How to receive notifications from sql server

  • Hi all,

    I have developed an Application in Visual Basic 6.0, runs on approx 100 machines (clients) may be more, these clients simultaneously and frequently request SQL SERVER to get a single record if available by calling a stored procedure, the problem I am facing is if no record is availabe then all clients are in the waiting state continuosly requesting for a record, in other words using lot of server resources, task manger shows the 100% CPU usage and the server becomes very slow.

    I just want to know that is there any method to receive notification from SQL SERVER. Like I can write a trigger that can send a notification to a client, or how to send a notification to a client Application that will raise an event in client application that now data is available.

    SQL SERVER NOTIFICATION services are helpfull? if they are how i implement it in VB 6.0.
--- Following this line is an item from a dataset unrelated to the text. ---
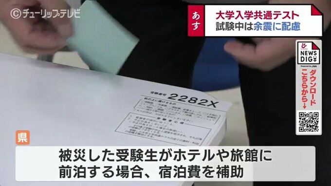 ことしは被災した受験生がホテルや旅館に前泊する場合、県が宿泊費を補助するほか、余震に配慮し、試験中に大きな地震が起きた際は試験を一時中断します。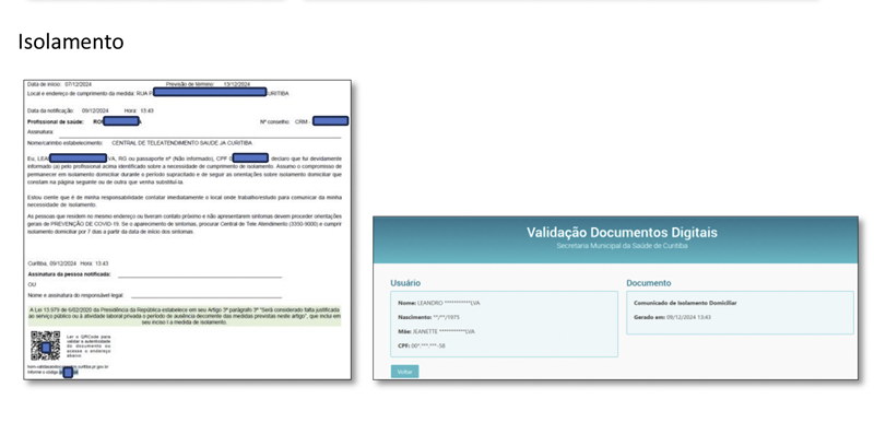Este serviço foi desenvolvido para garantir que documentos emitidos digitalmente pela Secretaria Municipal da Saúde de Curitiba sejam verificados para assegurar a sua autenticidade (conferência de fonte de emissão) e veracidade das informações neles contidas.

    Please help me in this regard. Thanks

    Shahzad Hassan

    Sr.Software Engineer.

    National Database & Registration Authority

    Pakistan.

  • This first one is, well, crude and rude but kind of elegant in a way. When the client wants the record have it make the request using a seperate connection from any other SQL it may execute in the mean time. Have the request SP write the connection ID to a table when no record is available. Have the client leave the connection open after the SP returns no record. Have the client check the status of the connection periodically (rather than requery). When the server finds that a record is now available, have it query the table for all the waiting connections and KILL them . The client will then detect that the connection was lost, reconnect, and re-request the record. If the connection was lost due to some network problem or an idle timeout or whatever then it will just go into a holding pattern again. I would capture the Login Time in addition to the process ID of the connection and prior to KILLing it verify that the current version of the process ID has the same Login Time as the one in the table just in case the connection was closed without cleaning up the table and then the process ID reused for a completely different connection. If your "check the status of the connection" timer is really short (less than 10 seconds or so) you should wait a random number of milliseconds (0.000 - 10.000 seconds perhaps) to prevent a ton of connection requests hitting the server all at once.
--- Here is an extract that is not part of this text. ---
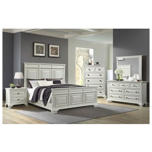 This luxurious antique off-white finish and tri-panel design on the headboard and footboard, this bedroom set will instantly transform your space into a serene sanctuary. The ample drawer space provides plenty of storage for all your essentials, while the sleek metal hardware adds a touch of modernity. includes queen bed, dresser, nightstand and mirror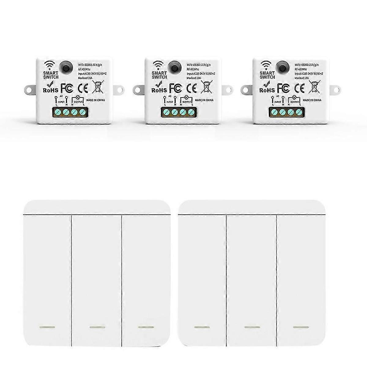 3PCS Wireless Light Wall Switch RF 433Mhz Relay Receiver with 2x 3Gang Panel Switch LED Remote Cont

    Another option would be to use sp_cmdShell to run something (anything really) from the OS. You will still have to have a table, perhaps to record the list of people to be notified and perhaps the machine name/port needed to contact them (depends on how you choose to contact them). Very flexible. One way or another it could definately work.

  • Hi Aaron,

    Thanks for the reply, the solution you have suggested seems convincing at first glance but the problem is that client will never know that connection is terminated by the SQL "KILL" command. Might be something worng at my end but i have tried it at differenet systems, client does not receive any notification that connection is terminated, so checking connection state is not helpful it returns always 1 until unless explicitly closed by the application using

    cnn.close

    I'll try xp_cmdshell but I think I have to go some other way arround or please suggest me some other.

    Regards

    Shahzad Hassan

     

  • That's unfortunate news. I was obviously hoping that there was some attempt to notify the client that the connection was terminated and I've obviously never had occasion to test this theory in practice. This forces you to reduce the polling interval should you take this route, but you can perform a minimal transaction to check the connection state periodically. For example, you could send a SQL statement only consisting of "set nocount on". It should prepare and run with virtually no drain on the server (the prepare should be cached and reused), but it does still invoke a small amount of network traffic and a small amount of work on the SQL Server that should be controlled as a 10, 30 or 60 second polling interval. Whatever you can afford. Good luck.